In the entries below, repeat only the lines between those holding "Thoughtfully remodelled in" and "Milevsko: V. Neužil", inclusive. Leave pictures out.

○ ○ ○ ○

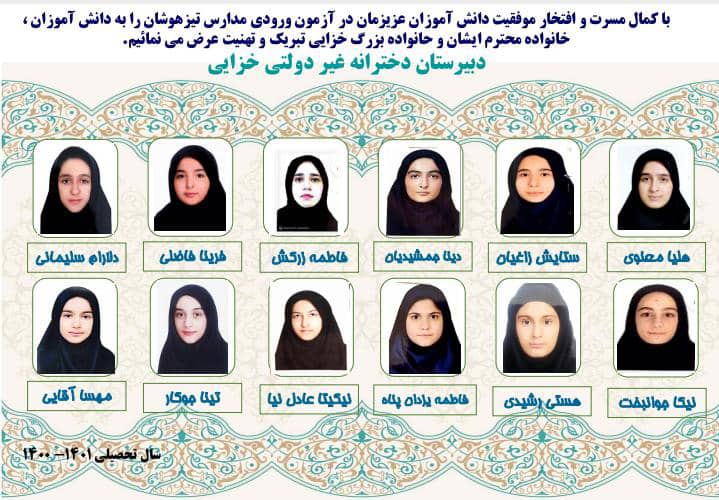خداوند سبحان را شاکریم که در سایه اهتمام، تلاش، تدبیر و برنامه ریزی علمی دانش آموزان و دبیران پرتلاش و دل سوز دبیرستان خزایی توانستیم موفقیت دیگری را رقم بزنیم. با افتخار فراوان درخشش موفقیت دانش آموزان عزیز آرمیتا احمدیان ، یاسمین ولی ، کیمیا امینی در آزمون تیزهوشان را به تمامی این دانش آموزان پرتلاش و خانواده بزرگوار آنان تبریک عرض می نماییم.
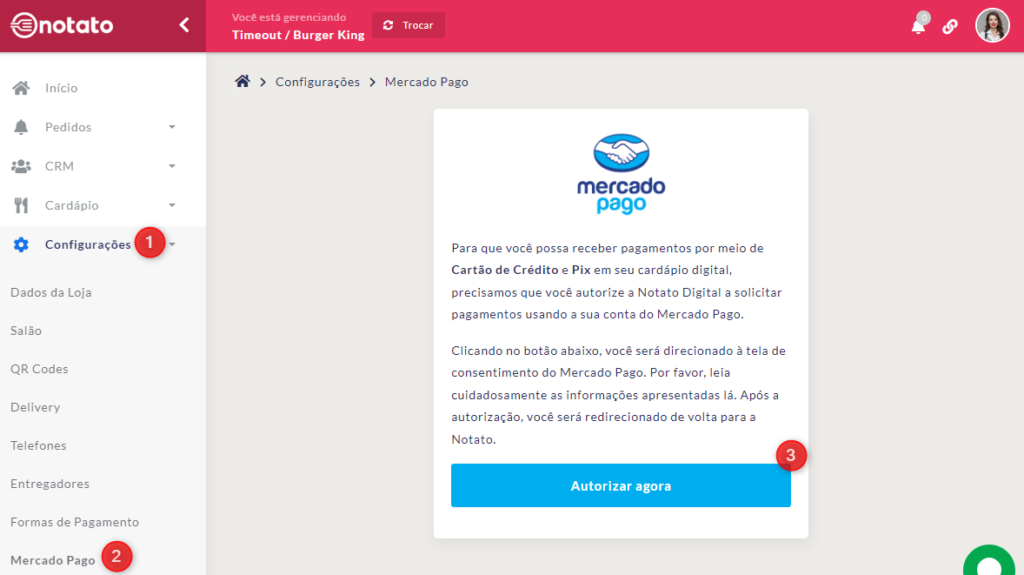 Com a conta do Mercado Pago criada, volte no menu principal da Notato, clique em “Configurações”, depois em “Mercado Pago” e em seguida, “Autorizar agora”.
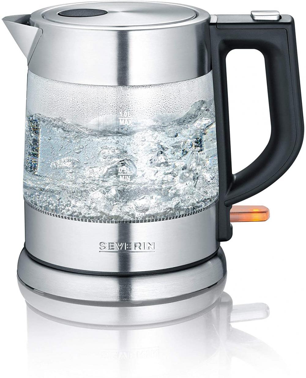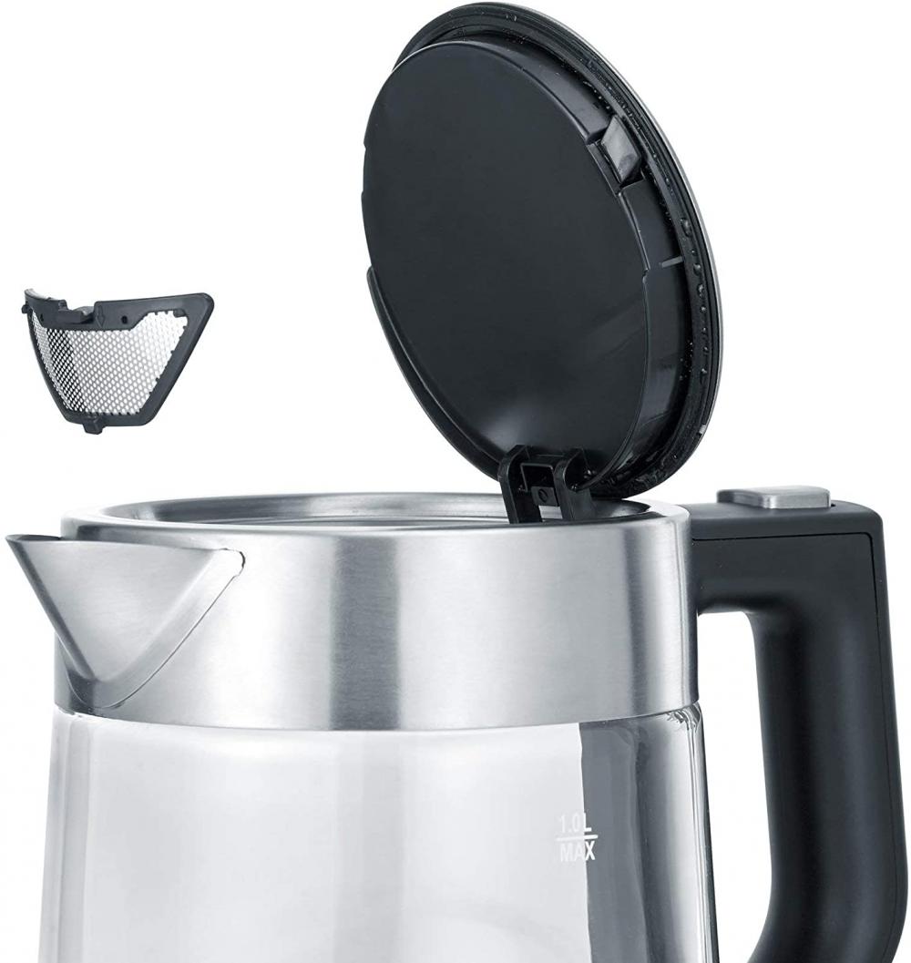 Kompakter, leistungsstarker Wasserkocher in hochwertiger Glas-Edelstahl-Kombination und 360° central-cordless system. Praktische und angenehme 1- Hand-Bedienung. Integrierter Fingerschutz am Deckel für eine sichere Bedienung. Leichte Reinigung durch klappbaren Deckel mit großer Öffnung. Herausnehmbarer, abwaschbarer Kalkfilter. Multi Media
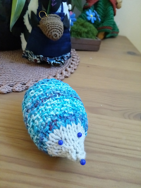 несколько мелочей: бандана/коул, косметичка-конверт из квадрата, три ёжика-игольницы, гетры, и - самое главное - носки! я научилась вязать носки. сначала связала, скорее, тапочки. потом что-то более похожее на носки, но, конечно, работать ещё есть над чем :)
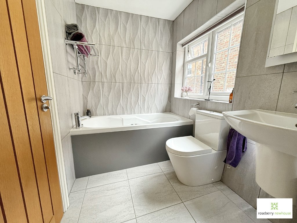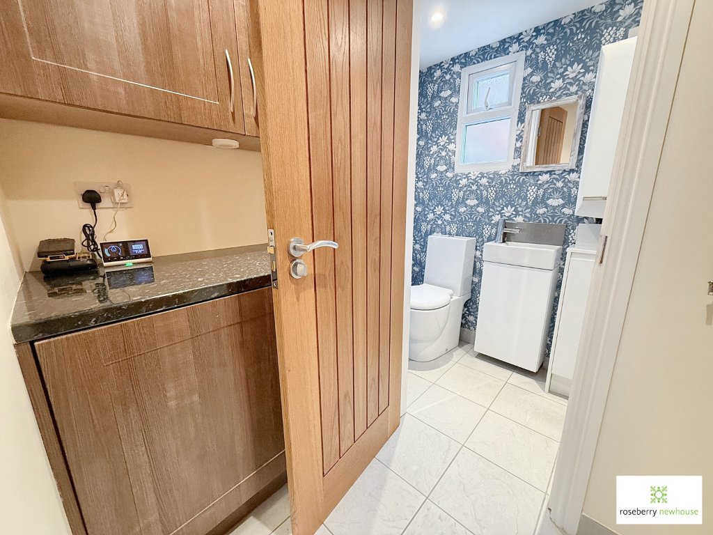 Thoughtfully remodelled in recent years, the interior offers a light and modern living environment. The welcoming entrance hall leads to a cosy yet elegant living room with panelling, while the stylish kitchen breakfast room features sleek cabinetry, integrated appliances and a practical dining area. A versatile study/snug provides an ideal work-from-home space or reading retreat, and there is also a modern cloakroom to the ground floor and laundry area.
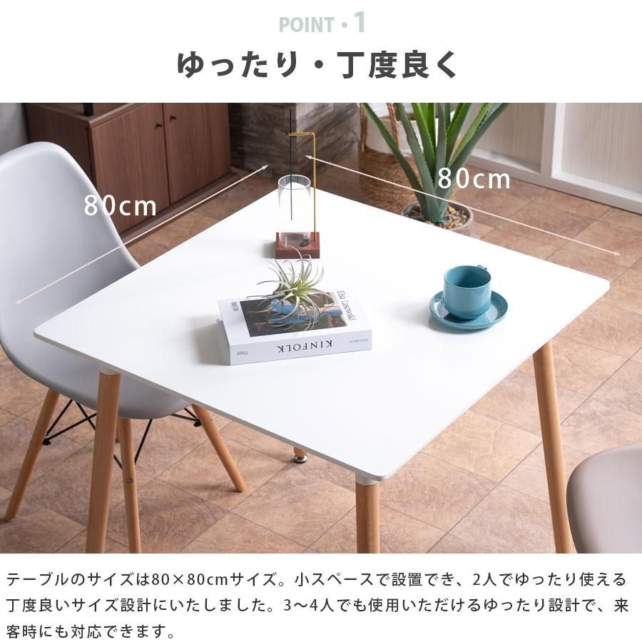 ダイニングテーブル 2人掛け用 2人用 おしゃれ 幅80 正方形 食卓テーブル ホワイト シンプル コンパクト カフェテイスト カジュアル 省スペース
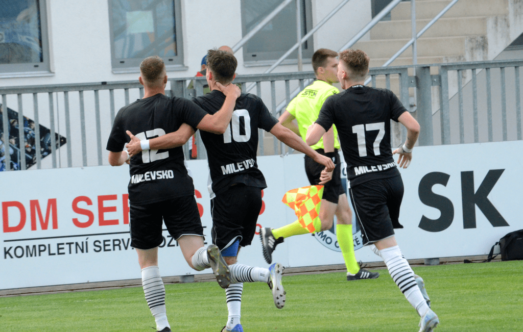 Milevsko: V. Neužil – Pich, Volf, Kotrba, Přibyl – Souček, Bártík (57. Sedlák) – Bílý (57. F. Hadáček), J. Hadáček (64. Petřík), Kortan (72. Kahoun) – Šťástka (75. Samec).
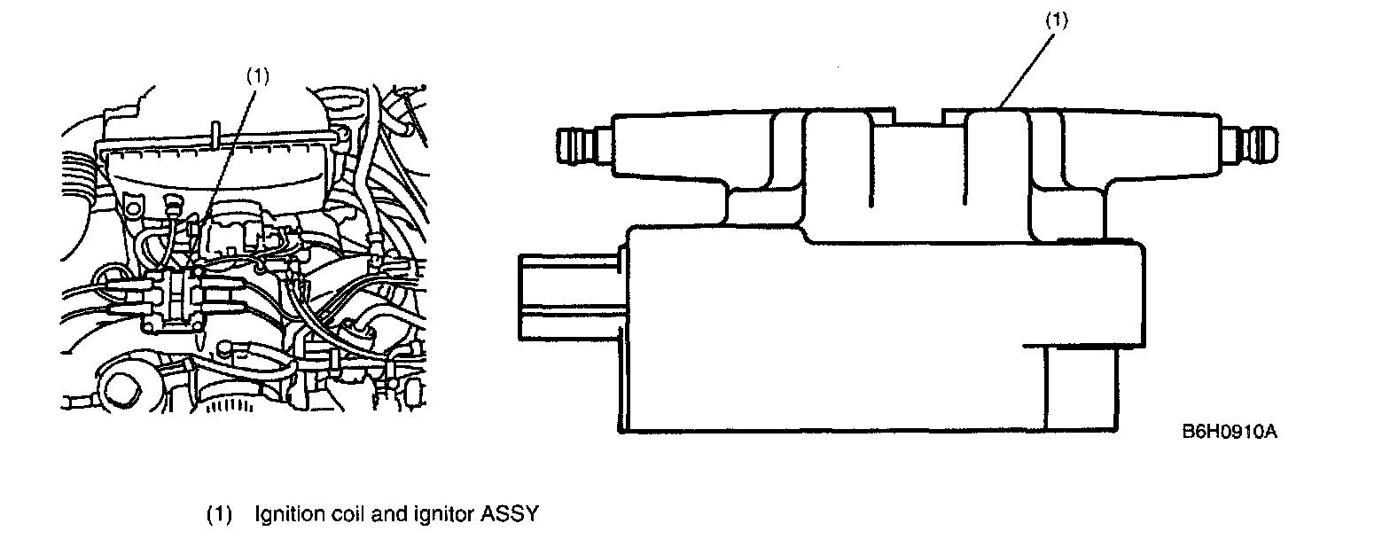 The ignition system is of a 2-cylinder simultaneous ignition design. In response to the signal from the ECM, the ignitor supplies another signal to the ignition coil to ignite a pair of cylinders #1 and #2 or #3 and #4 simultaneously.

○ ○ ○ ○

Exercise response
 Thoughtfully remodelled in recent years, the interior offers a light and modern living environment. The welcoming entrance hall leads to a cosy yet elegant living room with panelling, while the stylish kitchen breakfast room features sleek cabinetry, integrated appliances and a practical dining area. A versatile study/snug provides an ideal work-from-home space or reading retreat, and there is also a modern cloakroom to the ground floor and laundry area.
 ダイニングテーブル 2人掛け用 2人用 おしゃれ 幅80 正方形 食卓テーブル ホワイト シンプル コンパクト カフェテイスト カジュアル 省スペース
 Milevsko: V. Neužil – Pich, Volf, Kotrba, Přibyl – Souček, Bártík (57. Sedlák) – Bílý (57. F. Hadáček), J. Hadáček (64. Petřík), Kortan (72. Kahoun) – Šťástka (75. Samec).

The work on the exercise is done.